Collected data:
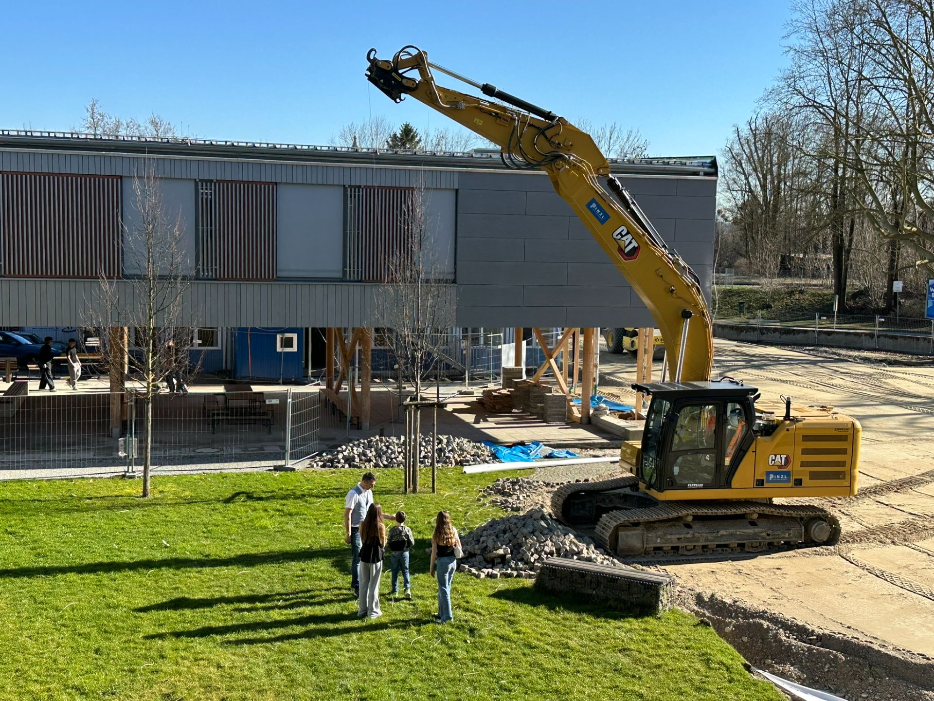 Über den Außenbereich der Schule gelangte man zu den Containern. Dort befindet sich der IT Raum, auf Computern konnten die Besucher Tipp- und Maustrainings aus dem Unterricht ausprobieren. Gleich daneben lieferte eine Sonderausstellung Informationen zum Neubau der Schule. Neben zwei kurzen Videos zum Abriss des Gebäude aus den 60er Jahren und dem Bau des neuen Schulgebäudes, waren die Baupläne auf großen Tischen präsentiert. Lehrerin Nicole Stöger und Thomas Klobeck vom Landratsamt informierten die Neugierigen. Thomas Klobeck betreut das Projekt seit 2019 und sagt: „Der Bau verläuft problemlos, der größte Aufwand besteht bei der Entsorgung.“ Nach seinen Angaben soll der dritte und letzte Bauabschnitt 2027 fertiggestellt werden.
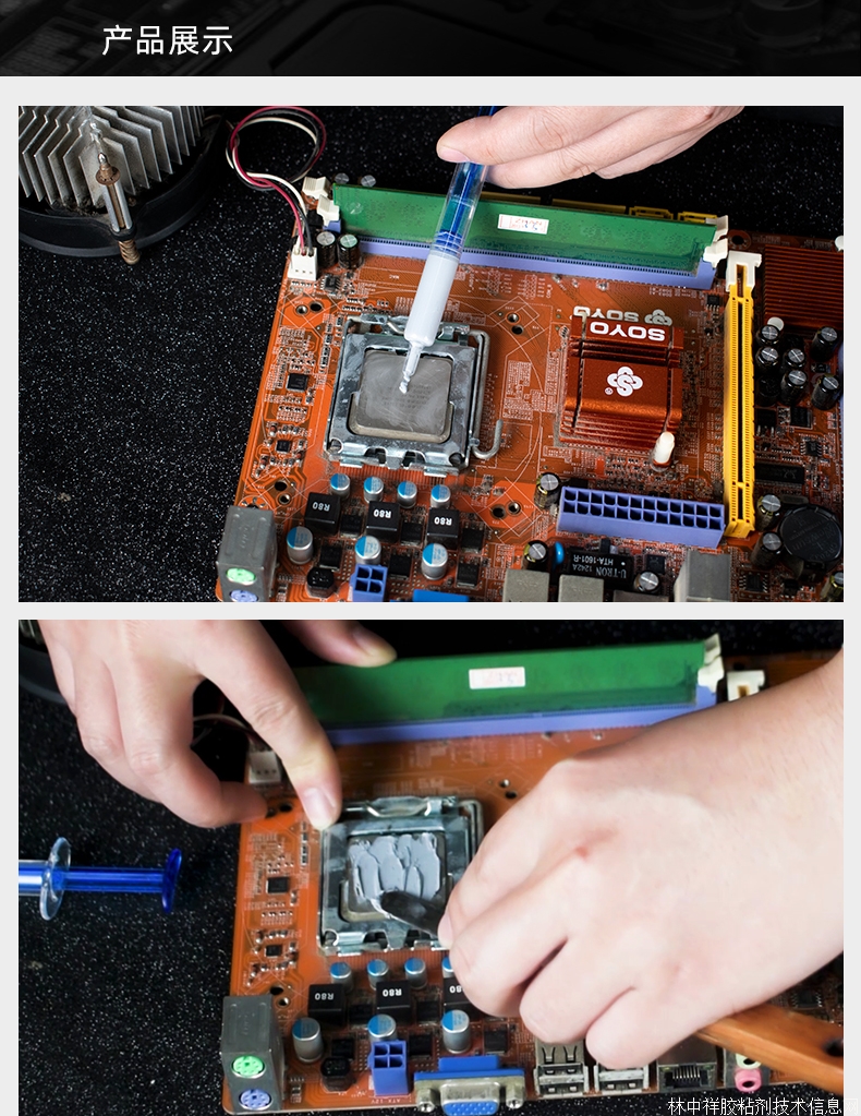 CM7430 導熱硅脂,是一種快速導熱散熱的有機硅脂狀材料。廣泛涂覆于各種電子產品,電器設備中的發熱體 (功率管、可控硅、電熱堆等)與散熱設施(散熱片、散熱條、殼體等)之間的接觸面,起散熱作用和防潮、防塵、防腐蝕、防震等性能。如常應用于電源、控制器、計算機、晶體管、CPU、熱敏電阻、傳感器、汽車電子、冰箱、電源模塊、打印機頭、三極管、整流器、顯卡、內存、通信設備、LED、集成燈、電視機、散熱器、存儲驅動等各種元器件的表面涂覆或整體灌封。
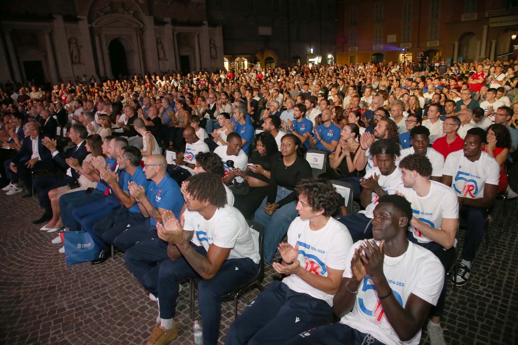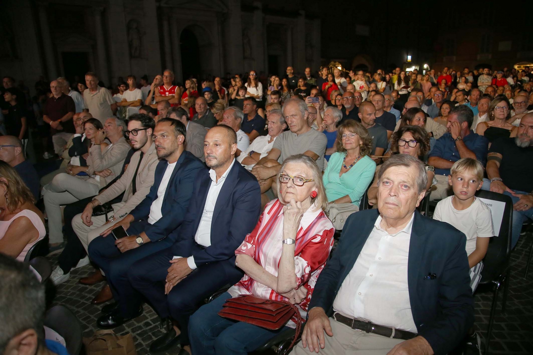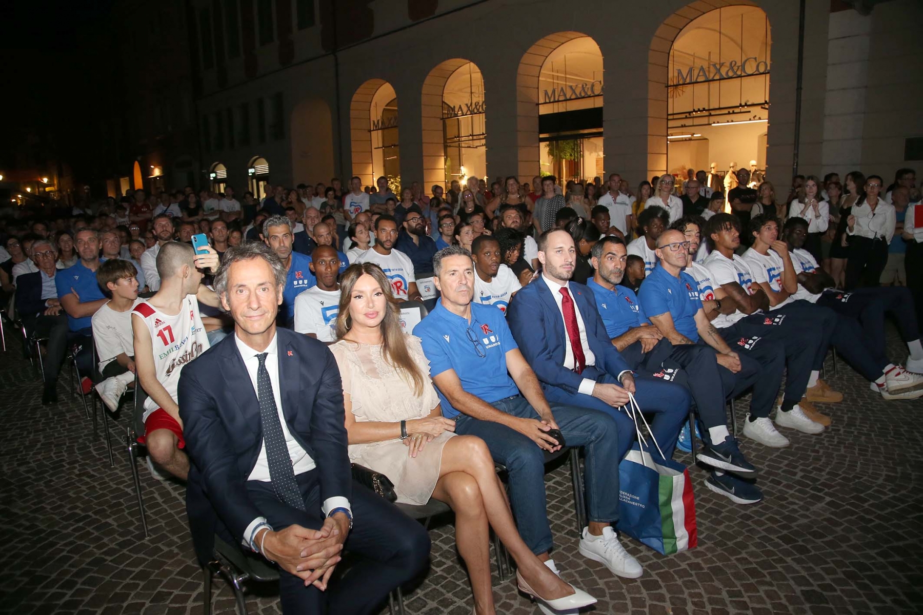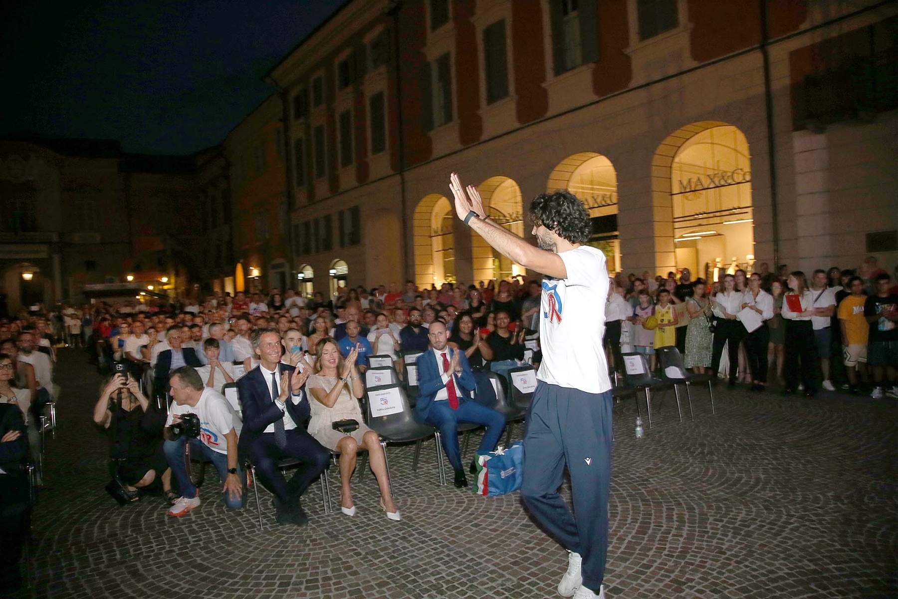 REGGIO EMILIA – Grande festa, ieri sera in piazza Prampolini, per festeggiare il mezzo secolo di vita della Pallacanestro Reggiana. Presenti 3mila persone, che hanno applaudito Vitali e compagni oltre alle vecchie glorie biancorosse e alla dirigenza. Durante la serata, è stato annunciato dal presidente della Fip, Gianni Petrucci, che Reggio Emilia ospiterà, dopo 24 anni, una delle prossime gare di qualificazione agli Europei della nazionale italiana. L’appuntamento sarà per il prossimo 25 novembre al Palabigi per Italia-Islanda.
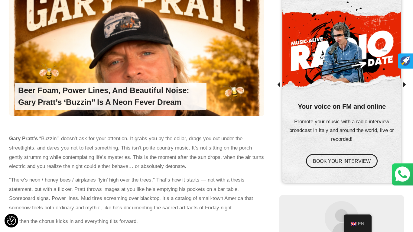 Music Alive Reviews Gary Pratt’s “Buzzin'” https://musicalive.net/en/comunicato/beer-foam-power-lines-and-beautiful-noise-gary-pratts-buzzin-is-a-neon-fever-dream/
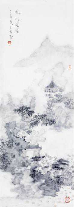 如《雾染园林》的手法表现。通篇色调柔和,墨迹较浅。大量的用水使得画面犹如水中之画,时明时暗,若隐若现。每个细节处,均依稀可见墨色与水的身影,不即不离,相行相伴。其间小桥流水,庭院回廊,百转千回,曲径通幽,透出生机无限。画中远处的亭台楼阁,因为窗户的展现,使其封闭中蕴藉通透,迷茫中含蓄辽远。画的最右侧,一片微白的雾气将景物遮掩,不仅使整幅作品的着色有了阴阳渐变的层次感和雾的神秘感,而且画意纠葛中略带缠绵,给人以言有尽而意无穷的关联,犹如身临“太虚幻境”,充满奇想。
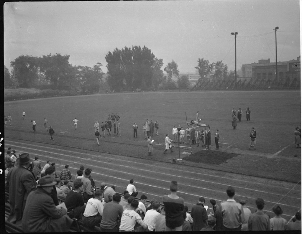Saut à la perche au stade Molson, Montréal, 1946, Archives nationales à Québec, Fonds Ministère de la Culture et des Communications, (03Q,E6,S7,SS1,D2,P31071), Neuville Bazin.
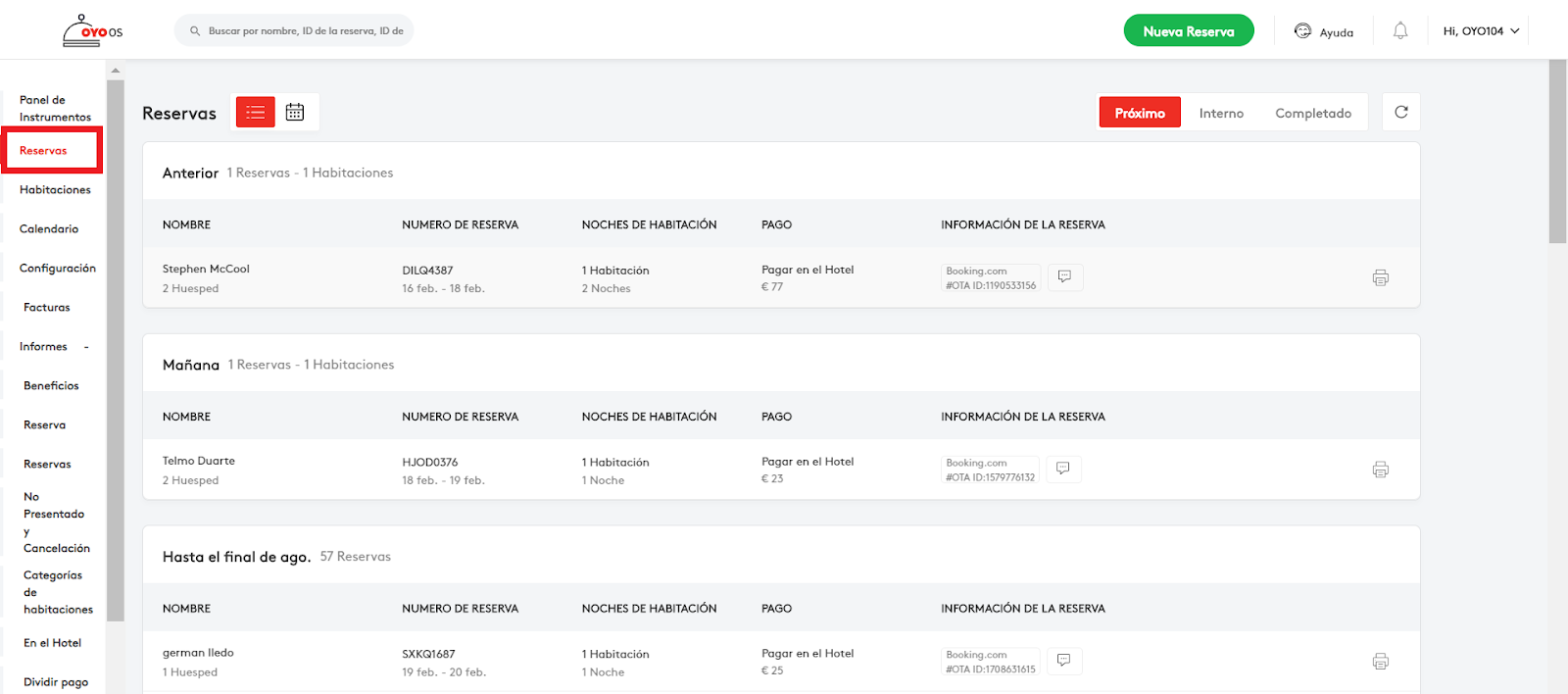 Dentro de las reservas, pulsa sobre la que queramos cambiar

What to work on:
The line containing "REGGIO EMILIA –" marks the end: copy exactly every line from the start of the records up to and including it, leaving out the pictures.

Response for this exercise:
 Über den Außenbereich der Schule gelangte man zu den Containern. Dort befindet sich der IT Raum, auf Computern konnten die Besucher Tipp- und Maustrainings aus dem Unterricht ausprobieren. Gleich daneben lieferte eine Sonderausstellung Informationen zum Neubau der Schule. Neben zwei kurzen Videos zum Abriss des Gebäude aus den 60er Jahren und dem Bau des neuen Schulgebäudes, waren die Baupläne auf großen Tischen präsentiert. Lehrerin Nicole Stöger und Thomas Klobeck vom Landratsamt informierten die Neugierigen. Thomas Klobeck betreut das Projekt seit 2019 und sagt: „Der Bau verläuft problemlos, der größte Aufwand besteht bei der Entsorgung.“ Nach seinen Angaben soll der dritte und letzte Bauabschnitt 2027 fertiggestellt werden.
 CM7430 導熱硅脂,是一種快速導熱散熱的有機硅脂狀材料。廣泛涂覆于各種電子產品,電器設備中的發熱體 (功率管、可控硅、電熱堆等)與散熱設施(散熱片、散熱條、殼體等)之間的接觸面,起散熱作用和防潮、防塵、防腐蝕、防震等性能。如常應用于電源、控制器、計算機、晶體管、CPU、熱敏電阻、傳感器、汽車電子、冰箱、電源模塊、打印機頭、三極管、整流器、顯卡、內存、通信設備、LED、集成燈、電視機、散熱器、存儲驅動等各種元器件的表面涂覆或整體灌封。
 REGGIO EMILIA – Grande festa, ieri sera in piazza Prampolini, per festeggiare il mezzo secolo di vita della Pallacanestro Reggiana. Presenti 3mila persone, che hanno applaudito Vitali e compagni oltre alle vecchie glorie biancorosse e alla dirigenza. Durante la serata, è stato annunciato dal presidente della Fip, Gianni Petrucci, che Reggio Emilia ospiterà, dopo 24 anni, una delle prossime gare di qualificazione agli Europei della nazionale italiana. L’appuntamento sarà per il prossimo 25 novembre al Palabigi per Italia-Islanda.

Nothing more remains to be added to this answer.